REVIEW ARTICLE
Statin-Induced Increase in HDL-C and Renal Function in Coronary Heart Disease Patients§ Alternate Title: Statins, HDL-C, and Renal Function
Vasilios G Athyros*, 1, Anna I Kakafika1, Athanasios A Papageorgiou1, Efstathios D Pagourelias1, Savvas D Savvatianos1, Moses Elisaf2, Asterios Karagiannis1, Konstantinos Tziomalos1, 3, Dimitri P Mikhailidis3
Article Information
Identifiers and Pagination:
Year: 2007Volume: 1
First Page: 8
Last Page: 14
Publisher ID: TOCMJ-1-8
DOI: 10.2174/1874192400701010008
Article History:
Received Date: 6/6/2007Revision Received Date: 21/6/2007
Acceptance Date: 22/6/2007
Electronic publication date: 28/7/2007
Collection year: 2007

open-access license: This is an open access article distributed under the terms of the Creative Commons Attribution License (http://creativecommons.org/licenses/by/2.5/), which permits unrestrictive use, distribution, and reproduction in any medium, provided the original work is properly cited.
Abstract
Background: Little is known about the potential of statin-induced high-density lipoprotein cholesterol (HDL-C) increase to improve renal function in coronary heart disease (CHD) patients.

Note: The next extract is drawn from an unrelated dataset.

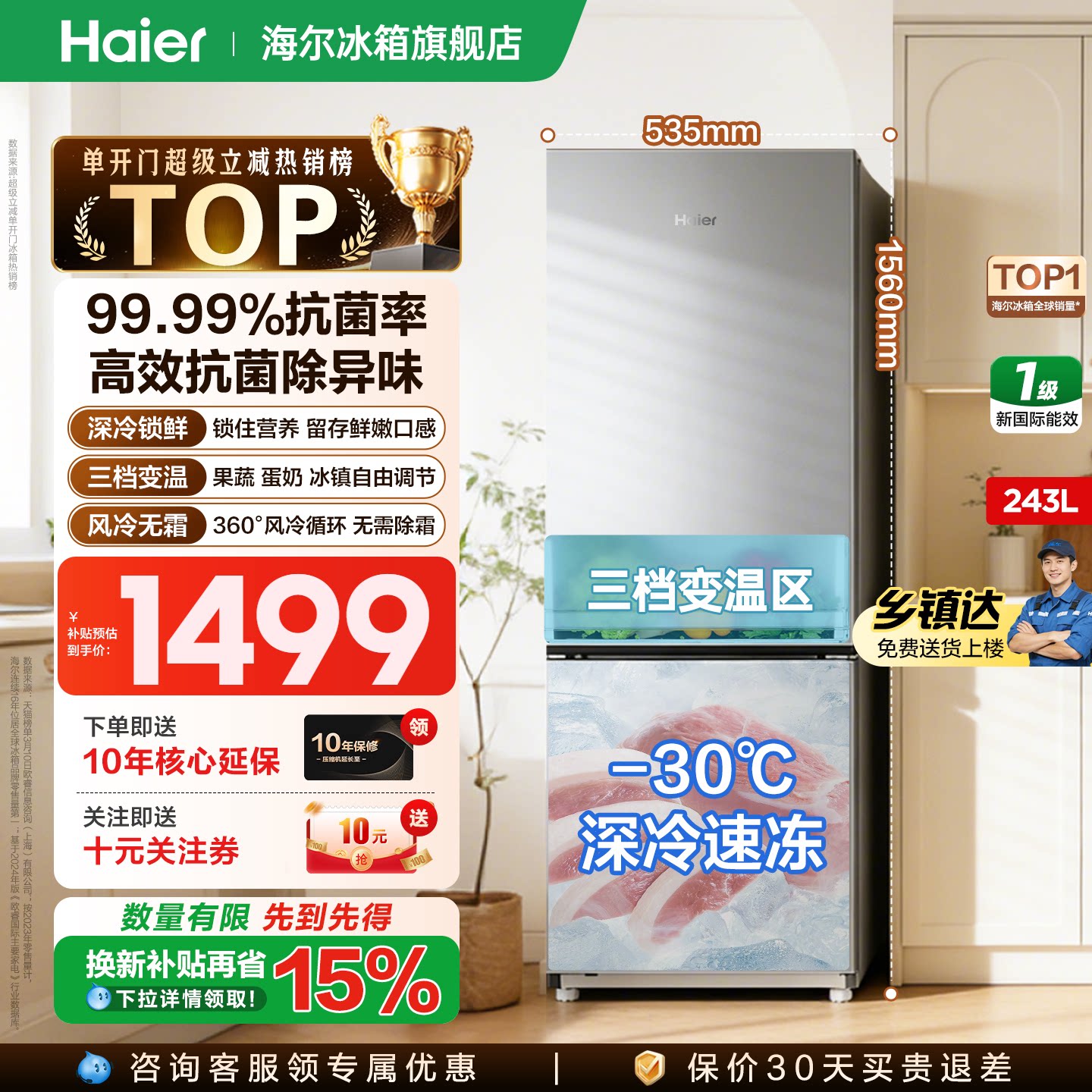 【金属底板】海尔小冰箱243L上下双开门一级变频风冷无霜官方正品
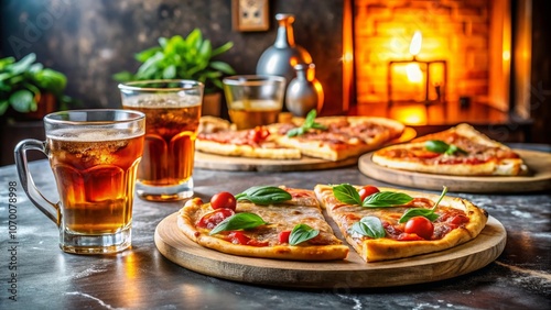 A Delicious Slice of Pizza Accompanied by Refreshing Iced Tea on a Marble Table in a Cozy, Dimly Lit Restaurant Setting Perfect for Food Lovers and Dining Experiences

Methods and Results: In this post hoc analysis of the GREek Atorvastatin and Coronary heart disease Evaluation (GREACE) Study we investigated the effect of HDL-C increase after statin treatment on renal function. From a total of 1,600 patients, 880 were on various statins (mainly atorvastatin) and 720 were not. Other secondary prevention therapies were similar in the 2 groups. After a 3 year follow up, the lipid profile was unchanged in the statin untreated group and estimated glomerular filtration rate (eGFR) was reduced by 5.1% compared with baseline (P<0.0001). In contrast, in the statin treated group non-HDL-C was reduced by 43%, HDL-C was increased by 7% and there was a significant increase in eGFR compared with baseline by 9.8% (P<0.0001). In multiple regression analysis, the mean 7% increase in HDL-C in the treated arm during the entire study was associated with a 5.6% increase in eGFR recorded after the 6th week of treatment. The odds ratio of eGFR increase with every 5% statin-induced rise in HDL-C was 1.78 (95% confidence interval 1.19-3.34; P=0.001).
Conclusions: Statin treatment significantly improved renal function. Statin-induced HDL-C increase significantly and independently contributed to this improvement. This finding supports the concept that improving lipid variables other than low density lipoprotein cholesterol is also beneficial to preserving renal function.